BEGIN RECORDS SUPPLIED

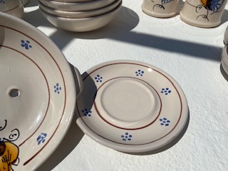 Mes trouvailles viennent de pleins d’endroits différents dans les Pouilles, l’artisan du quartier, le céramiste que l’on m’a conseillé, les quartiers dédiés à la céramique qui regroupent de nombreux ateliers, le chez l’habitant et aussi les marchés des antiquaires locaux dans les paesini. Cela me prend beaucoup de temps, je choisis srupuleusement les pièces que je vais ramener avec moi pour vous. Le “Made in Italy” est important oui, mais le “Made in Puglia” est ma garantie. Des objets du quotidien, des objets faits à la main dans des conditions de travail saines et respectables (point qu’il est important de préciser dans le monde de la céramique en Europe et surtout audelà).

END RECORDS SUPPLIED
BEGIN RECORDS SUPPLIED

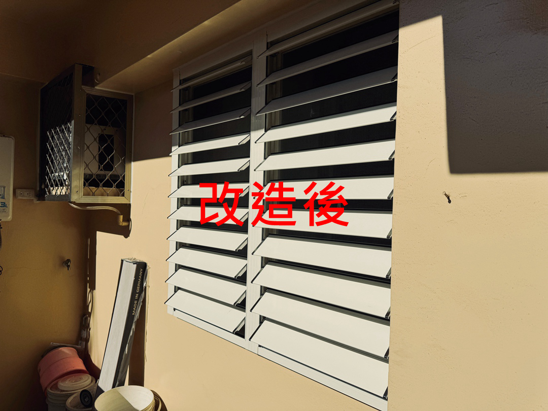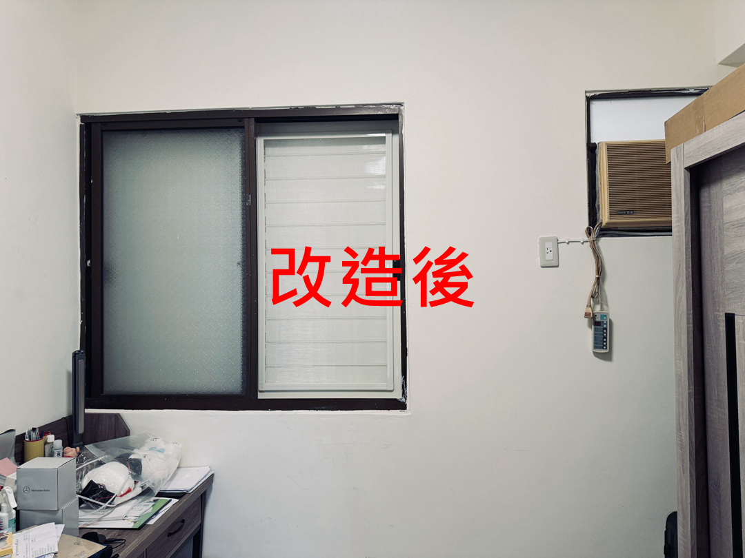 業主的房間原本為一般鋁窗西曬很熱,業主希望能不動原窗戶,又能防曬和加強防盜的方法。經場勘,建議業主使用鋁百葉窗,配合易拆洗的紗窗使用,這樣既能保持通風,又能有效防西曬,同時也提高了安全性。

END RECORDS SUPPLIED
BEGIN RECORDS SUPPLIED

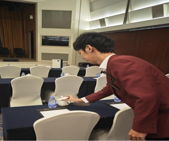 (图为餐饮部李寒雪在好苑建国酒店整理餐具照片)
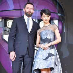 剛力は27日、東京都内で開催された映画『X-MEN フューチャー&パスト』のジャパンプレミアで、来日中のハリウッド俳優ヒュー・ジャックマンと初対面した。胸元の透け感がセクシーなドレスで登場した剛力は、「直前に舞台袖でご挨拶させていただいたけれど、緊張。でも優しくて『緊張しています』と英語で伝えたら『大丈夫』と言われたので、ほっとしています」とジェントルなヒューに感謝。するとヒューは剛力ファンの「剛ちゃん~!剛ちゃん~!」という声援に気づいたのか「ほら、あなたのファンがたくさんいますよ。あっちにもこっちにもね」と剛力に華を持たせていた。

END RECORDS SUPPLIED

WHAT THE EXERCISE ASKS: Repeat exactly the lines above, from the line that contains "(图为餐饮部李寒雪在好苑建国酒店整理餐具照片)" down through the line that contains "剛力は27日、東京都内で開催". Include both of those lines and none of the pictures.

EXERCISE OUTPUT:
 (图为餐饮部李寒雪在好苑建国酒店整理餐具照片)
 剛力は27日、東京都内で開催された映画『X-MEN フューチャー&パスト』のジャパンプレミアで、来日中のハリウッド俳優ヒュー・ジャックマンと初対面した。胸元の透け感がセクシーなドレスで登場した剛力は、「直前に舞台袖でご挨拶させていただいたけれど、緊張。でも優しくて『緊張しています』と英語で伝えたら『大丈夫』と言われたので、ほっとしています」とジェントルなヒューに感謝。するとヒューは剛力ファンの「剛ちゃん~!剛ちゃん~!」という声援に気づいたのか「ほら、あなたのファンがたくさんいますよ。あっちにもこっちにもね」と剛力に華を持たせていた。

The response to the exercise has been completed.